Reports and pictures have been doing the rounds of large rainbow and brown trout up in the midlands.

 

In the big salty dam, flyfishers are starting to have more success with the summer species. These have included all the rock species (from rockcod to blacktail) for the guys scratching in the gullies with small white and orange patterns. Try a white death or small charlie in the gullies and gutters on your trout set up and see how much fun you can have with the saltwater species.

 

For the gamefish guys, the harbour has continued to produce pulls from oxeye tarpon, kingies, torpedo scad and the occasional springer.
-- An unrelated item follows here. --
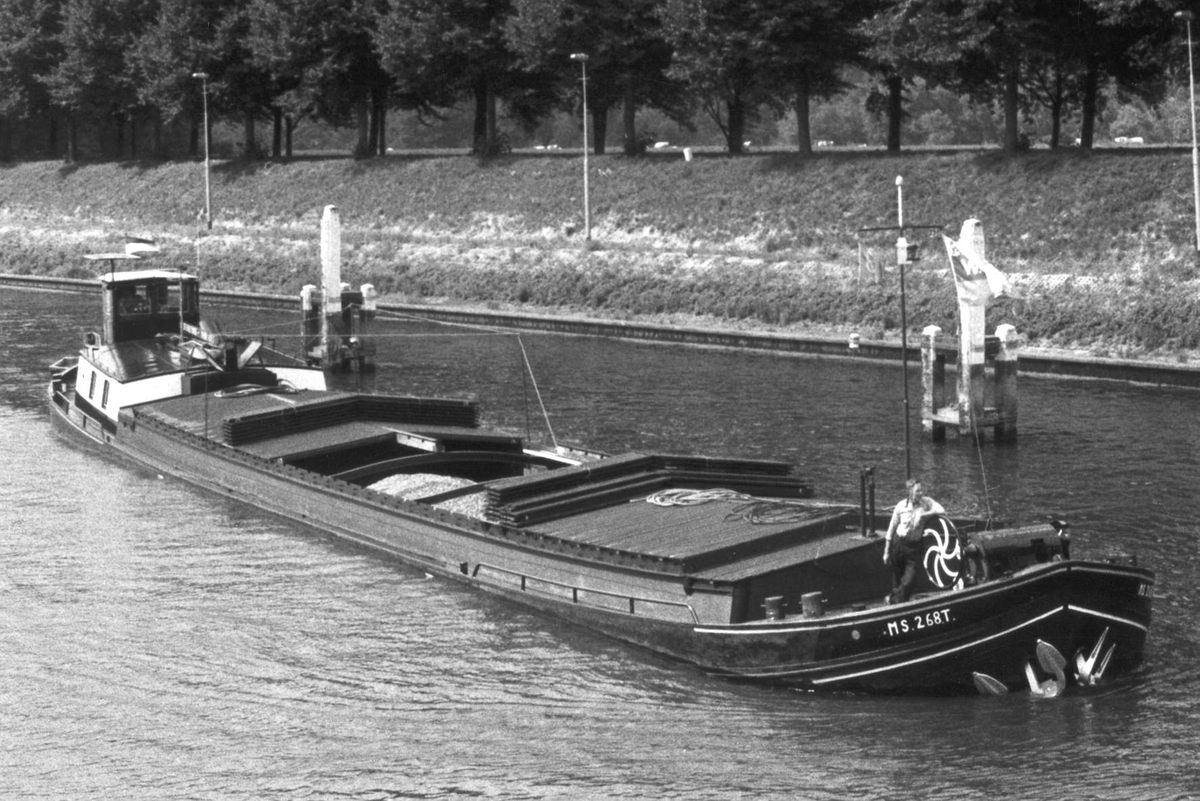 De Dodewaardse hagenaar van schipper Koekoek uit Maasbracht. 269 ton, 36 x 5,82 x 1,93m, 155pk Deutz, 1912. [schepenDB].
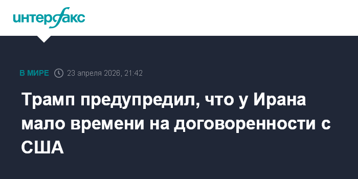 Москва. 23 апреля. INTERFAX.RU - Президент США Дональд Трамп заявил, что у Ирана остается все меньше времени на то, чтобы договориться с США.

Try natural coloured baitfish and shrimp patterns fished along the edges of sandbanks with an intermediate line.

 

With the wind blowing like it is, the beaches will be a very hard spot to flick flies. Remember that even in the strongest wind, you can still find a place to fish if you target the lee side of a rocky point. These quieter bays are often a very productive spot as the wind pushes the baitfish in to the bay and these will be followed by the gamefish.

 

Tigers:

Jozini has been very quiet lately with no definitive reports being received. As with fishing a new or unknown venue; start out targeting the most likely areas, i.e. structure or areas of transition (either in depth of water or temperature). For tigers it is always advisable to troll lures, cast spinners in likely areas or to drift with some sardine fillet baits. As soon as you have found the fish, you can focus all your attention on similar areas across the dam.

 

This report from The Fish Eagles Jan Korrubel “Although this weekend’s cold spell was highly anticipated to bring some more moisture to the ‘Berg and The Midlands, nothing much came of it.  Temperatures dipped all the way to the low single figures in some parts, and Sani Top reported some flurries of snow, but for the rest, mist – the stuff so thick that you can’t see your hand in front of your face – only brought a few mm to the gauge. As indicated last week, I found myself having a day on the river this weekend, and dismayed to see how the water level has dropped in the last 2 weeks to my previous visit; a couple inches at least!  While not quite the dire straits that the Cape is experiencing, we need (more) rain to get the river flows up and moving properly and dam levels up. On the up side, the brown trout are there, and of the number rising to the dry fly, we managed to bring two fine specimens of 11 and 9 inches to hand.  Water temperature in the morning was a cool 11deg.C and crystal clear.  In the current low flow conditions, the fish are holding in the deeper pools, with only a few in the cobbled runs in-between.  Flies of the day were Elk-hair Caddis, Royal Wulff, Rubber-leg Stimulator and Klinkhamer.

 

Reports from The Midlands Stillwater’s indicate that there some good rainbows about.  The usual medley of summer patterns can be relied on produce the goods: Woolly Buggers in Black aka “Speedcop” and standard olive livery, Red-eye Damsels in olive and black and “Papa Roach” dragonfly nymphs in olive.

 

While still early days, the yellows have also started to move – news of fish locally from the Umgeni and further afield from Sterkfontein has started to filter through.  Water temps till needs to get up a bit, but conditions will only improve from now on.  The lower Umkomaas was firing on all cylinders in sudden summer heat of last month, and slowed down somewhat in the cooler weather this month, but reports are that the fish are coming back on again.

 

With Albert falls fast approaching a shocking low of 20%, it would seem that the big bass have no place to hide!  Midmar and Baynesfield have also been producing, with darker colours being favoured at present: watermelon in its various guises right through to black.”

 

The latest series of Hier Gaan Ons Alweer (16) with Petri de Wet premieres Monday evenings at 17:30 on kykNet, channel 144 and there are a number of repeats during the week. The repeats are on Tuesday at 10:00, Thursday at 16:30, Friday at 00.30 and Saturday at 13:00. Series 16 runs for three months, ending on the 25th December 2017. As most of you know, Petri and his guests cover various angling styles (fresh and salt water) in and around Southern Africa. This week’s show with Petri is the first carp show using the Daiwa Black Widow BWR5000A reels, Black Widow 12’ rods (BWC2312) and the Poseidon Sniper and Marksmen rods. Then the 6th of November is the first with the new Daiwa Telescopic Legalis 7’ rod and Daiwa Laguna 3000 5Bi reels. The lines used are the Daiwa Sensor 8lb and our Daiwa J Braid, 8 weave 20lb (dark green)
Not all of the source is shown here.